Я уже начал сердиться, но Манати сказал мне с улыбкой:

— Поешьте, сахеб,[6] поешьте; со мной все в порядке. Да ведь и я голоден. Я тоже хочу немного поесть перед тем, как отправиться дальше.

Я сдался и прошел туда, где на тростниковой циновке была расставлена еда. Было подано большое блюдо с рисом и кусками баранины, жареные куры и тушеные овощи. Но мне было не до еды, и я быстро поднялся, надеясь, что теперь мы отправимся в путь, но остальные по очереди принимались за еду, пока все не насытились; потом стали пить кофе и чай. Не в состоянии более скрывать свое раздражение и нетерпение, я подошел к Манати. Он держал в руках баранью кость, но я не был уверен, что он на самом деле хоть что-нибудь съел. Выглядел он ужасно.

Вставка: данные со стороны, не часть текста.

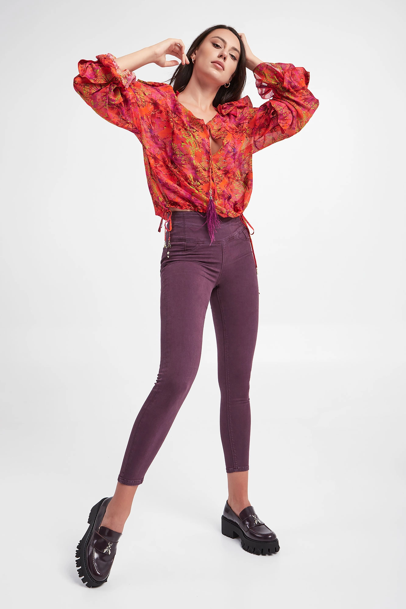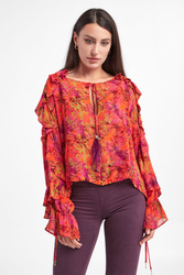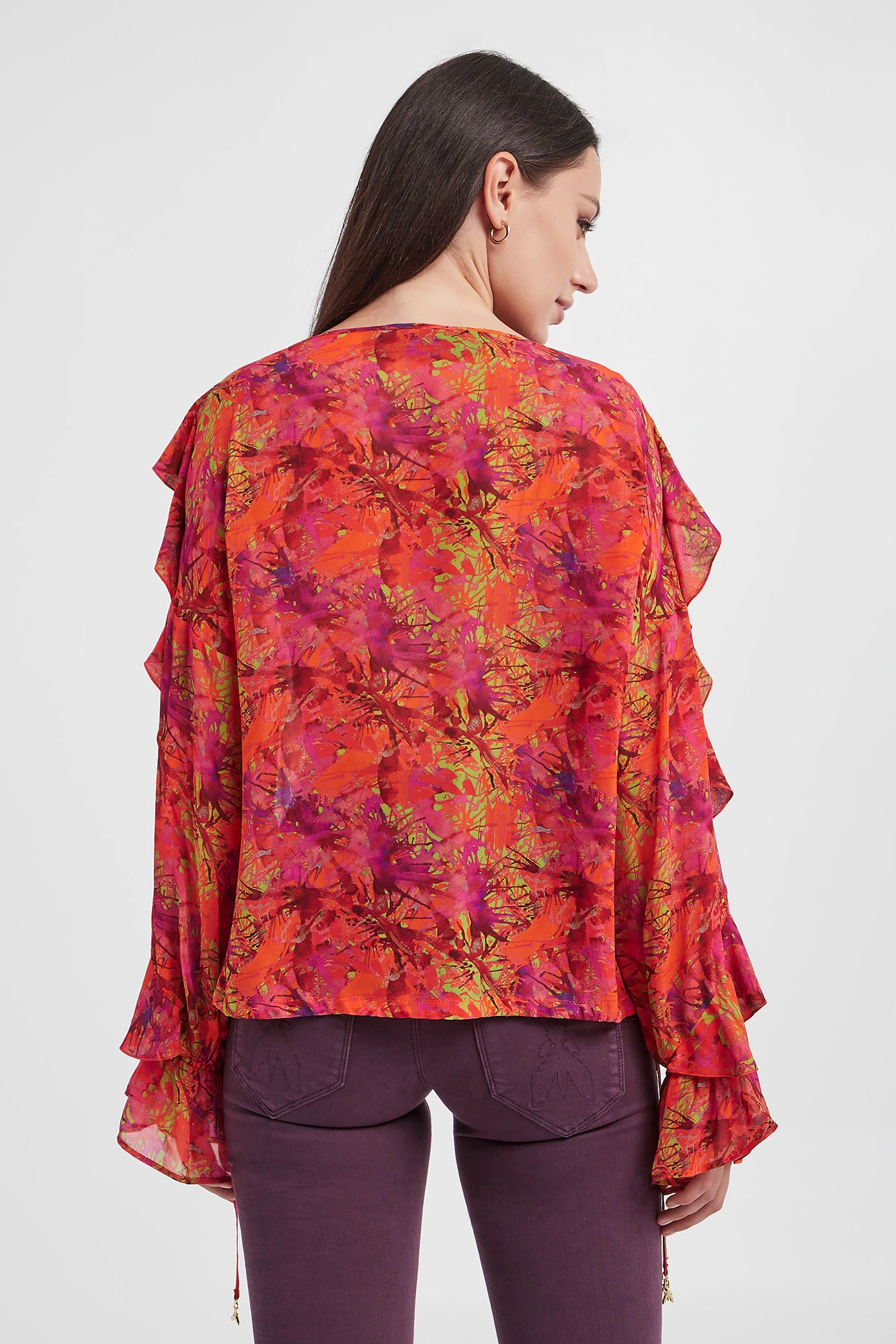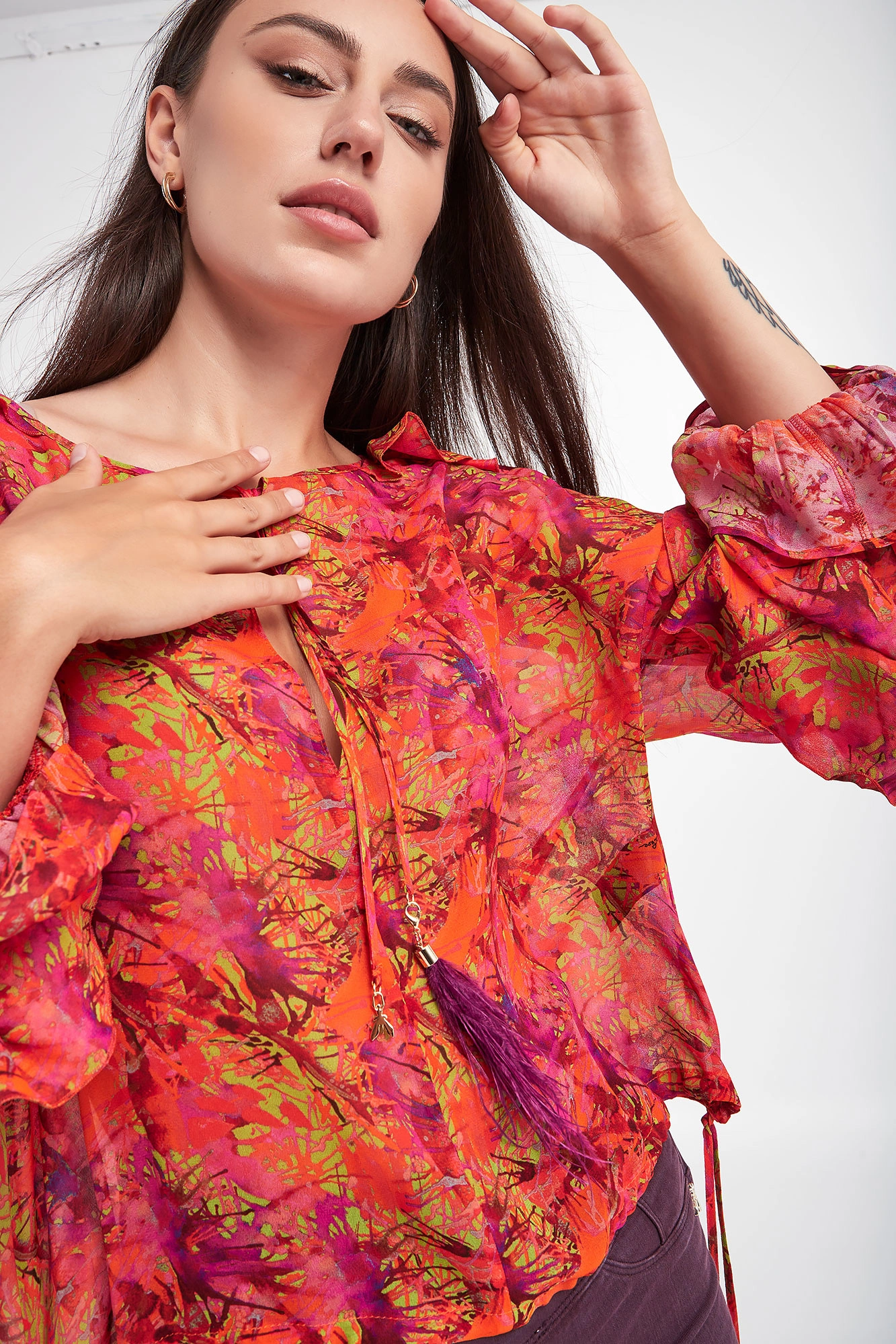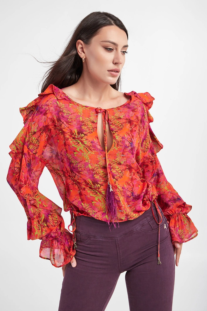Bluzka marki Patrizia Pepe. Fason lekko oversizowy. Dekolt typu o-neck z wycięciem wiązanym za pomocą troczków. Na całości wielokolorowy, nieregularny wzór. Delikatnie bufiaste rękawy wykończone falbankami. U dołu wszyte troczki umożliwiające regulację. Bluzka wykonana z wiskozowej, półtransparentnej tkaniny.

В деревне Фалиха Манати снова умолял не отправлять его в больницу, но Фалих в конце концов убедил его в том, что это необходимо. Оказалось, что животное изрядно порвало ему ягодицу. Я ввел ему морфий, промыл рану и обработал ее сульфамидным препаратом. Затем мы постарались как можно удобнее устроить Манати в лодке и отправили его в Маджар-эль-Кабир, через который лежал путь в Амару.

Мы встретились с Манати годом позже, когда я остановился позавтракать в его деревне. Я с ужасом увидел, что он стал калекой и не мог двигаться, не опираясь о шест. Я спросил, сколько времени он пробыл в больнице, и он ответил:

вернуться

6

См. с. 50.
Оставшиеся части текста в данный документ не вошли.